Define the problem to solve

ffddmsetupOperator(pr,prfe,Varf)

builds the distributed operator associated to the variational problem given by Varf, on top of the distributed finite element space prfe. This will create and expose variables whose names will be prefixed by pr, see below. It is assumed that ffddmbuildDfespace has already been called with prefix prfe in order to define the distributed finite element space.

In practice, this builds the so-called local ‘Dirichlet’ matrices \(A_i = R_i A R_i^T\), the restrictions of the global operator \(A\) to the subdomains (see pr#aRdbelow). The matrices correspond to the discretization of the bilinear form given by the macro Varf, which represents the abstract variational form of the problem. These matrices are then used to implement the action of the global operator \(A\) on a local vector (the parallel matrix-vector product with \(A\)), see pr#A below.

At this point, we already have the necessary data to be able to solve the problem with a parallel direct solver (MUMPS), which is the purpose of the function pr#directsolve (see below).

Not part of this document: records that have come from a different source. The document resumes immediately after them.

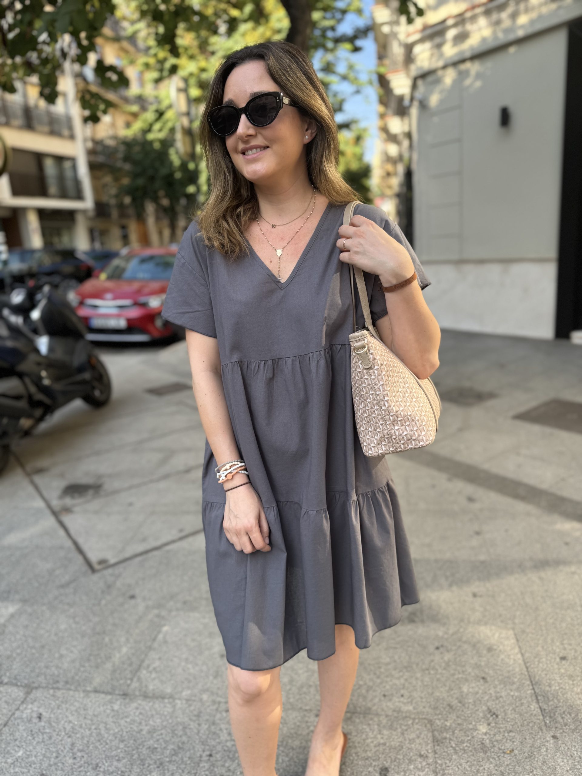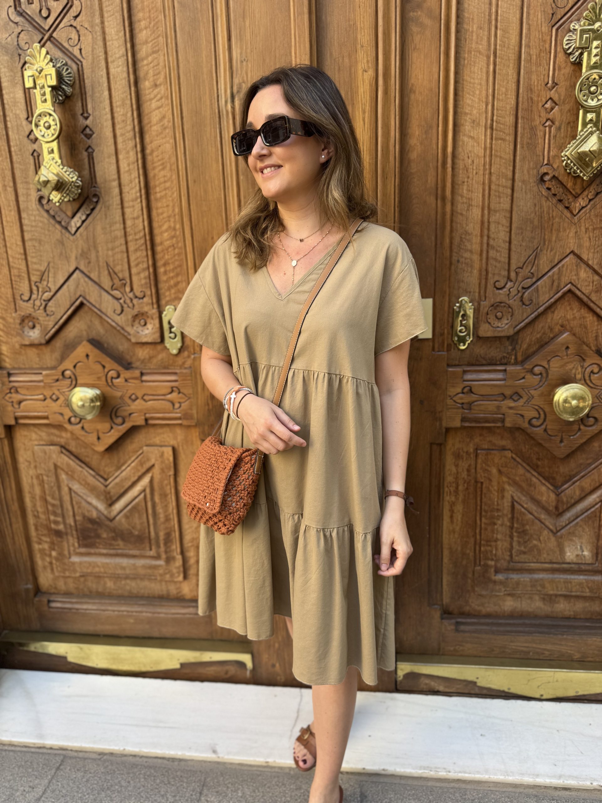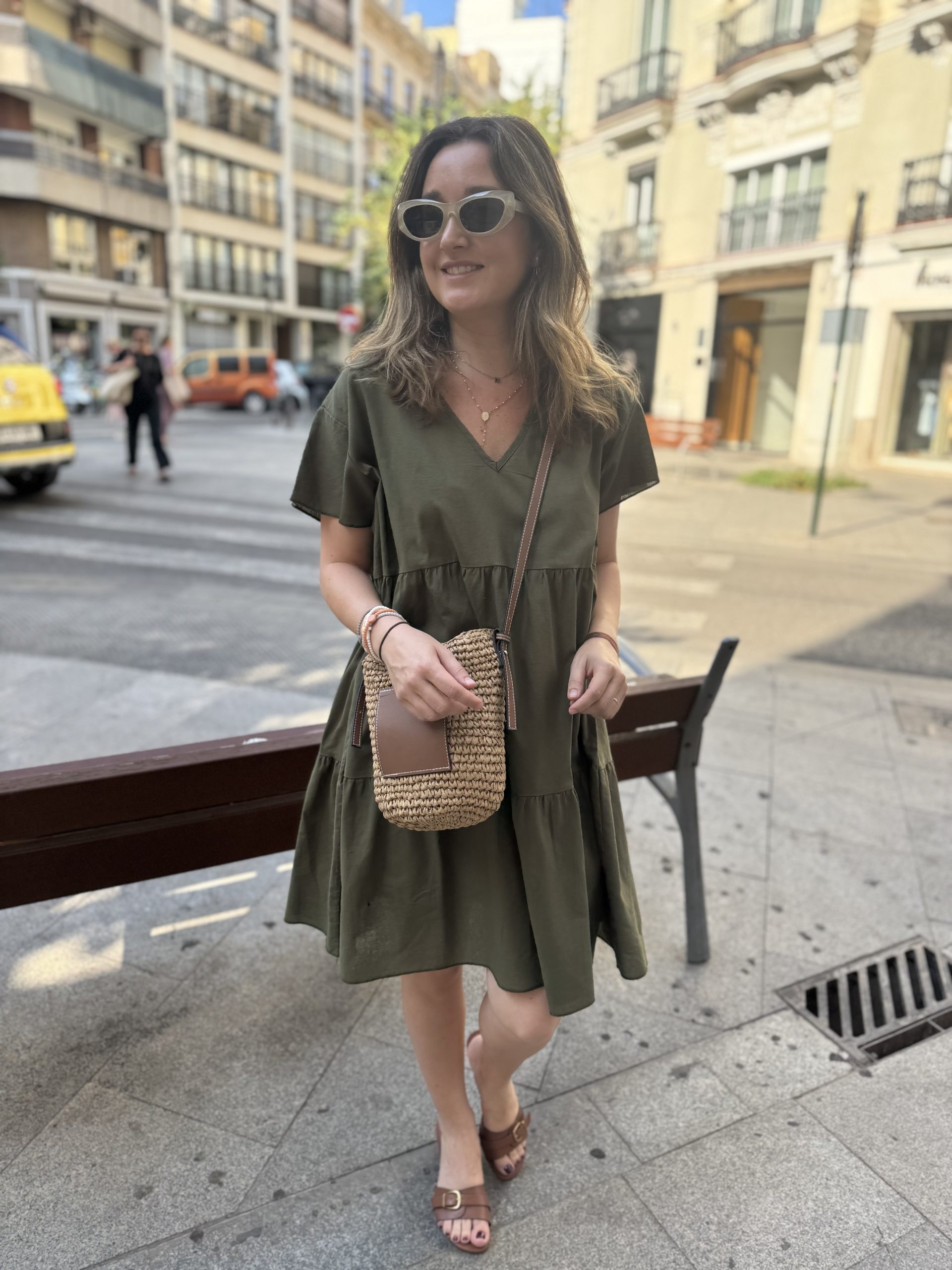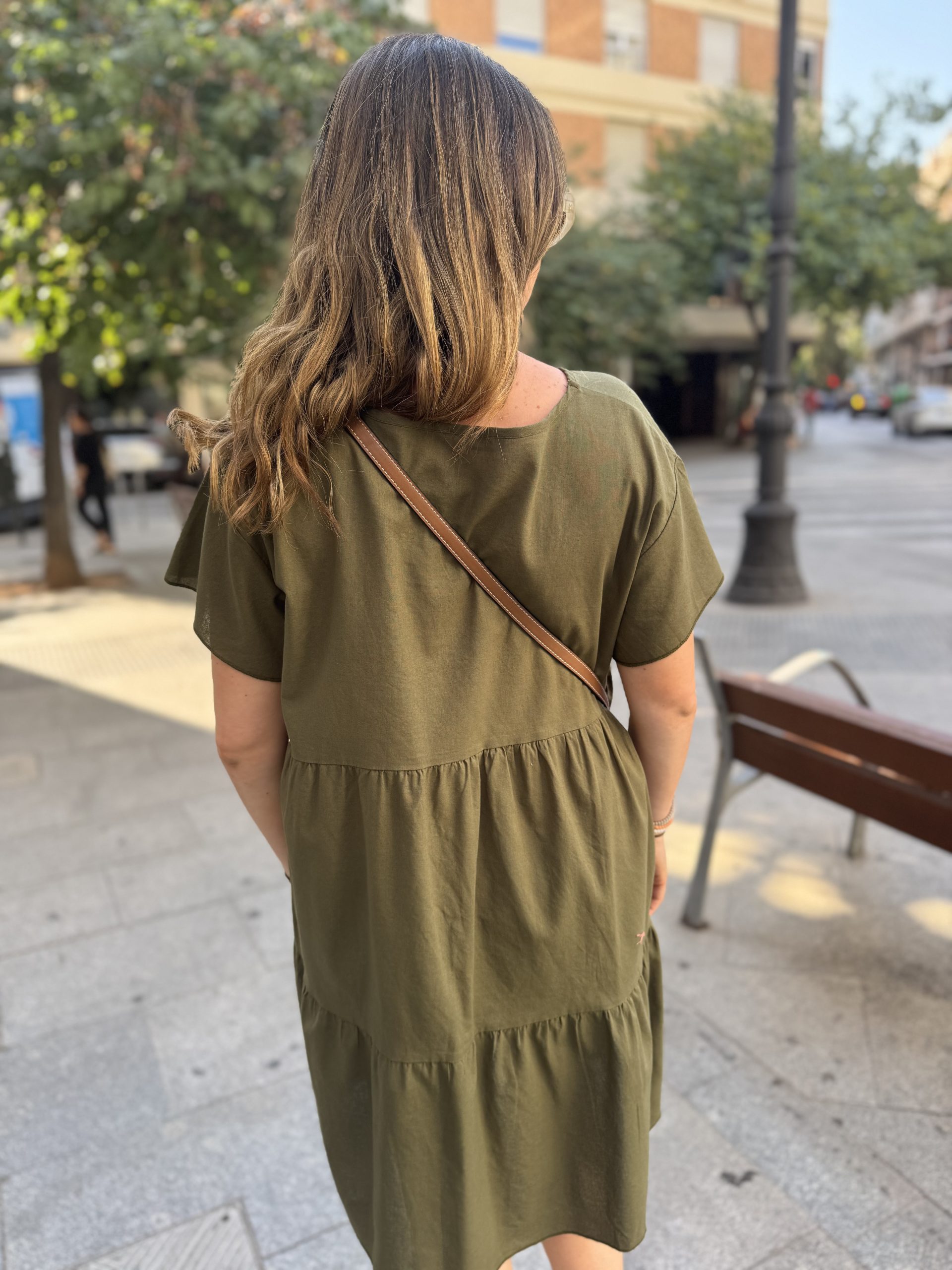 VESTIDO DE CUELLO PICO CON VOLANTE EN LA MANGA. TALLA ÚNICA. HASTA UNA TALLA 42 APROX.
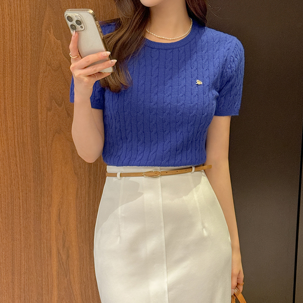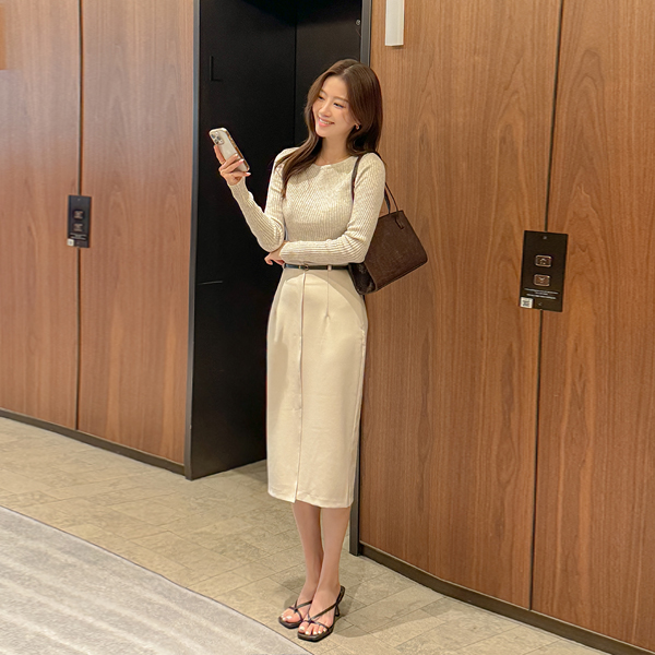 ほっそりした ネックライン バンブー スリムコール天 ニット
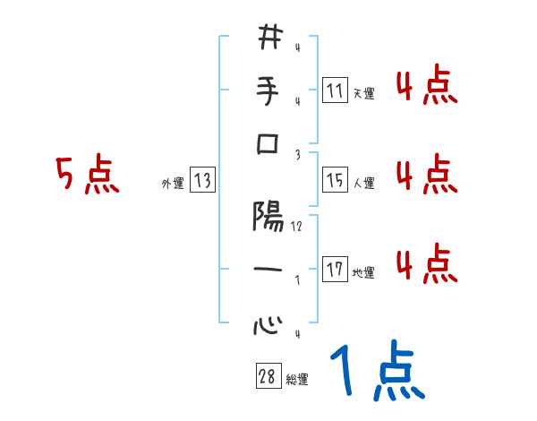 総運![]() | 井手口陽一心さんの総運は28画の1つ星!家庭環境に注意。スポーツで活躍できる能力があるかも。 あなたの人生を表す1番重要な運勢です。生涯を通じて影響する総合運となり、主に50歳以降の晩年期に影響を及ぼします。 |
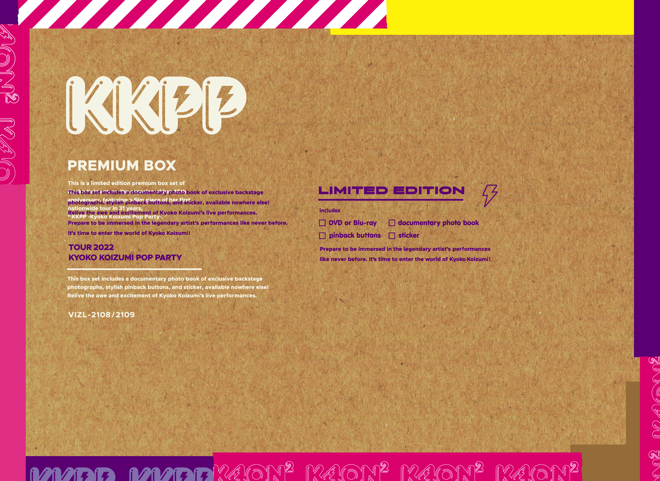 同作には31年ぶりの全国ホールツアーとなった<KKPP(Kyoko Koizumi Pop Party)>より、デビュー記念日である3月21日に東京・中野サンプラザホールで行われたライブの模様を収録。Blu-ray DiscとDVDには特典映像として、ミュージックビデオ「夏のタイムマシーン 1982-2022」とYouTubeでも公開された「KKPPツアーダイジェストトレーラー」、ツアー初日の神奈川・相模女子大学グリーンホール公演で撮影された「東の島にブタがいたVol.2」が収録されるそうだ。ドキュメンタリーフォトブックや缶バッジ、「KKPPスタッフパスステッカー」が付いた完全生産限定盤も同時発売される。
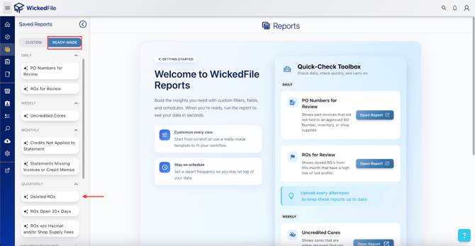 The Deleted Repair Orders Report identifies repair orders (ROs) that were removed from the Shop Management System (SMS). Deleted ROs can indicate errors, improper workflow, or potential theft or manipulation.
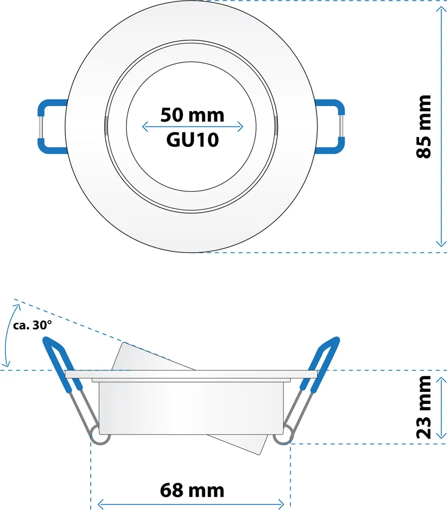 Простой монтаж:Размеры около 85x23 мм и диаметр отверстия около 68 мм гарантируют быструю и беспроблемную установку — почувствуйте плавную интеграцию в дизайн вашего интерьера. .
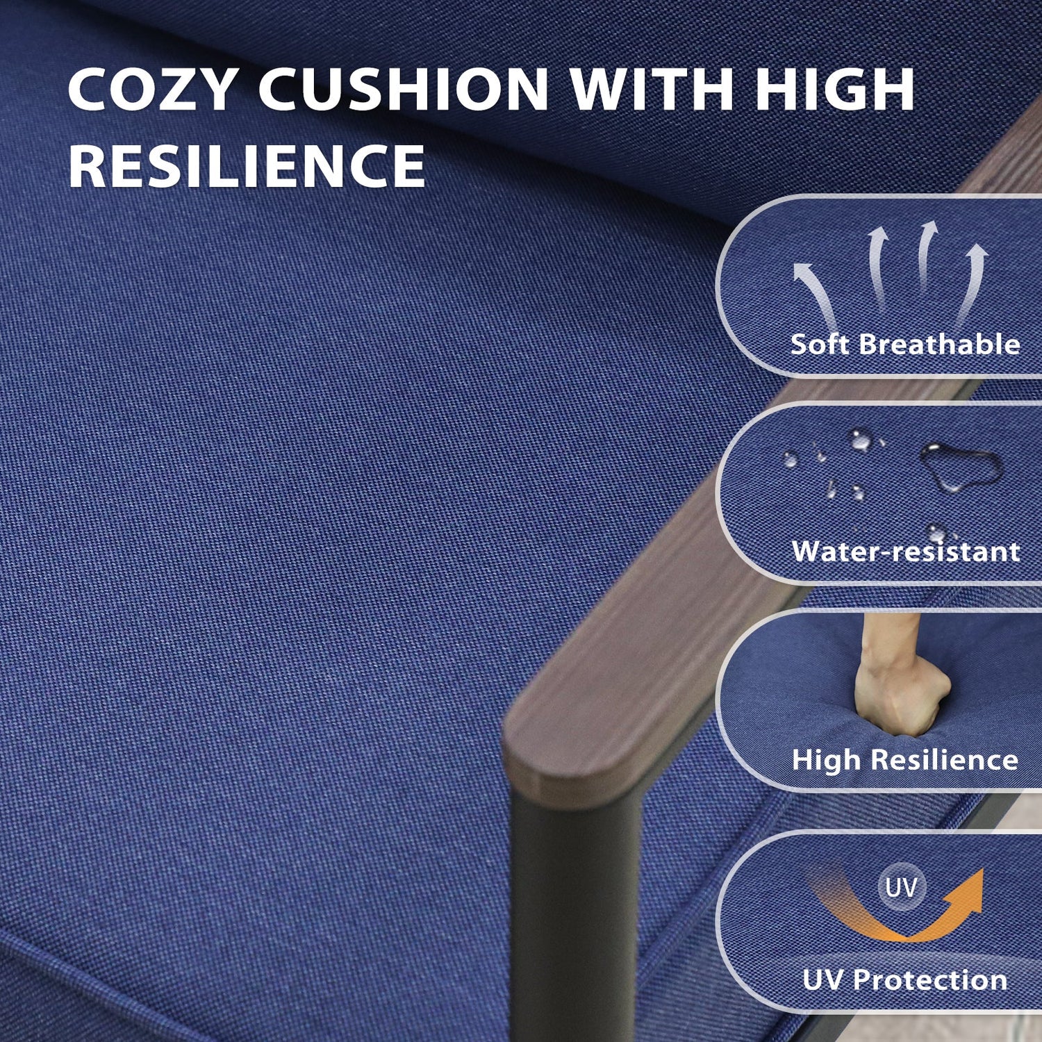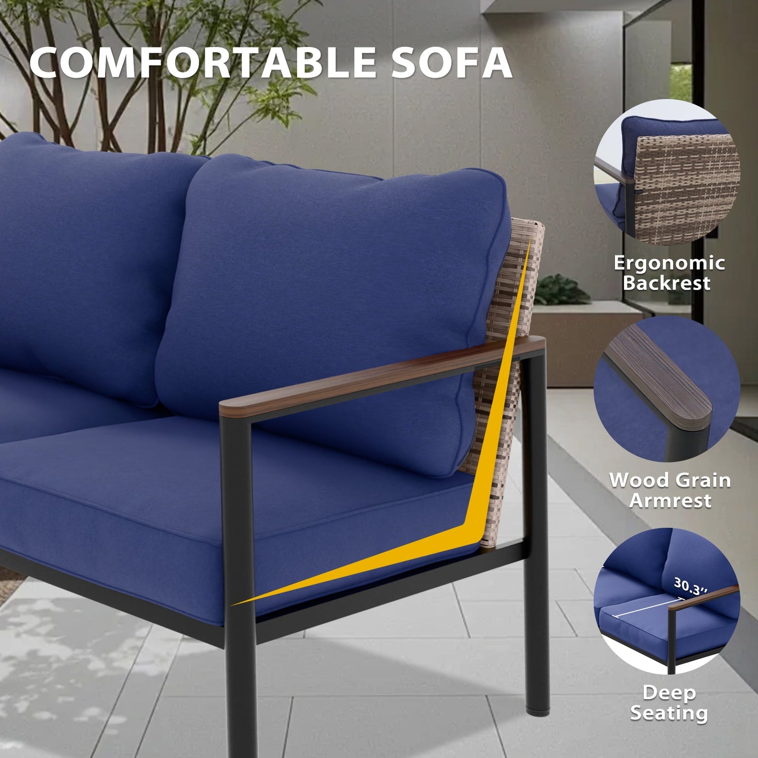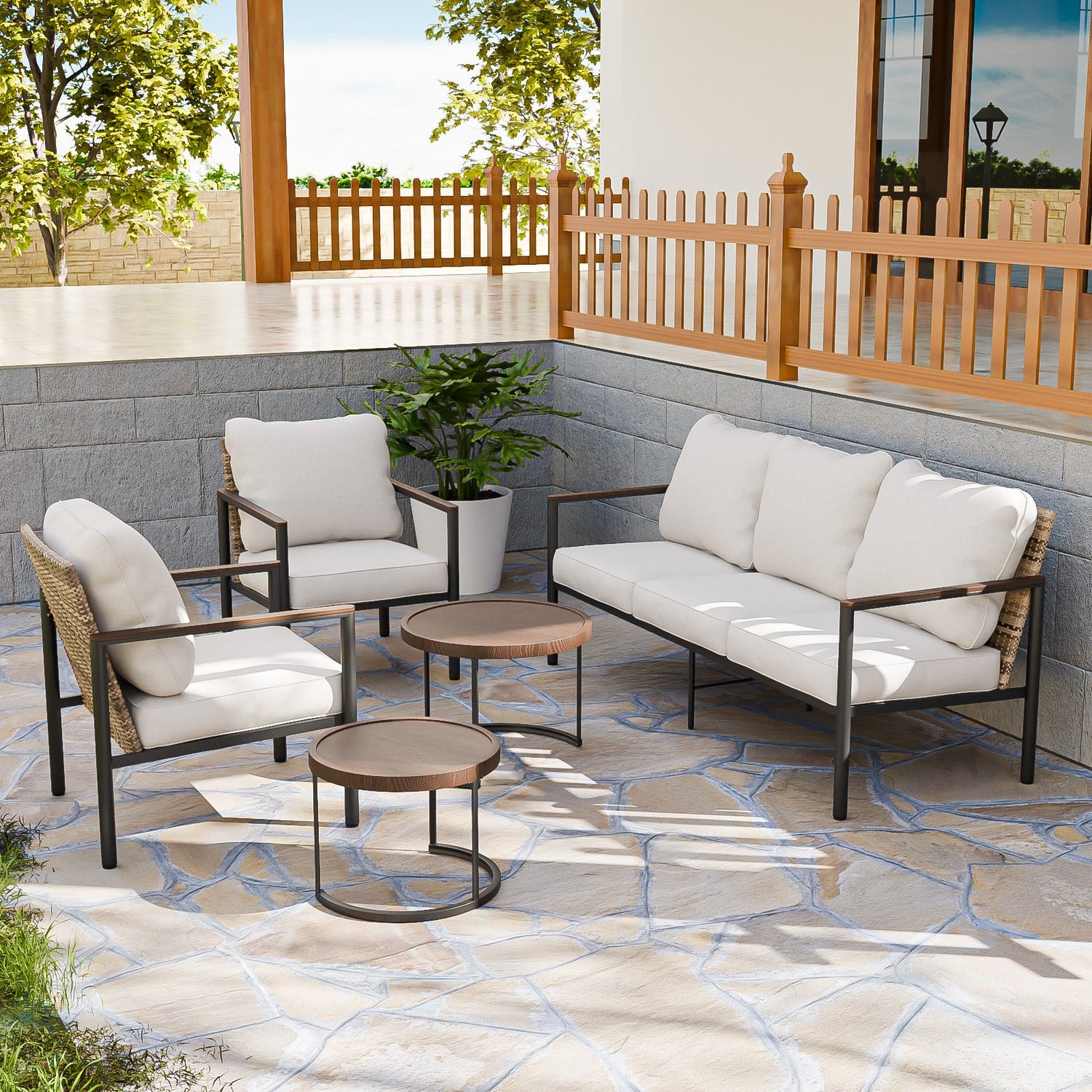 MODERN OUTDOOR LIVING: Elevate your outdoor space with this sleek, 5-piece wicker patio lounge set featuring 2 chairs, 1 couch, and 2 tables; this set combines chic wood grain accents and deep 4 inch thick cushions for added comfort, making it perfect for both relaxing and entertaining.

See ffddmbuildrhs for building the right-hand side.

The macro Varf is required to have three parameters: the name of the variational form, the mesh, and the finite element space. The variational form given in this ‘abstract’ format will then be used by ffddm to assemble the discrete operators by setting the appropriate mesh and finite element space as parameters. An example is given below:

1
2
3
4
5
macro myVarf(varfName, meshName, VhName)
    varf varfName(u,v) = int3d(meshName)(grad(u)''* grad(v)) + on(1, u = 1.0);
// EOM

ffddmsetupOperator(myprefix,myFEprefix,myVarf)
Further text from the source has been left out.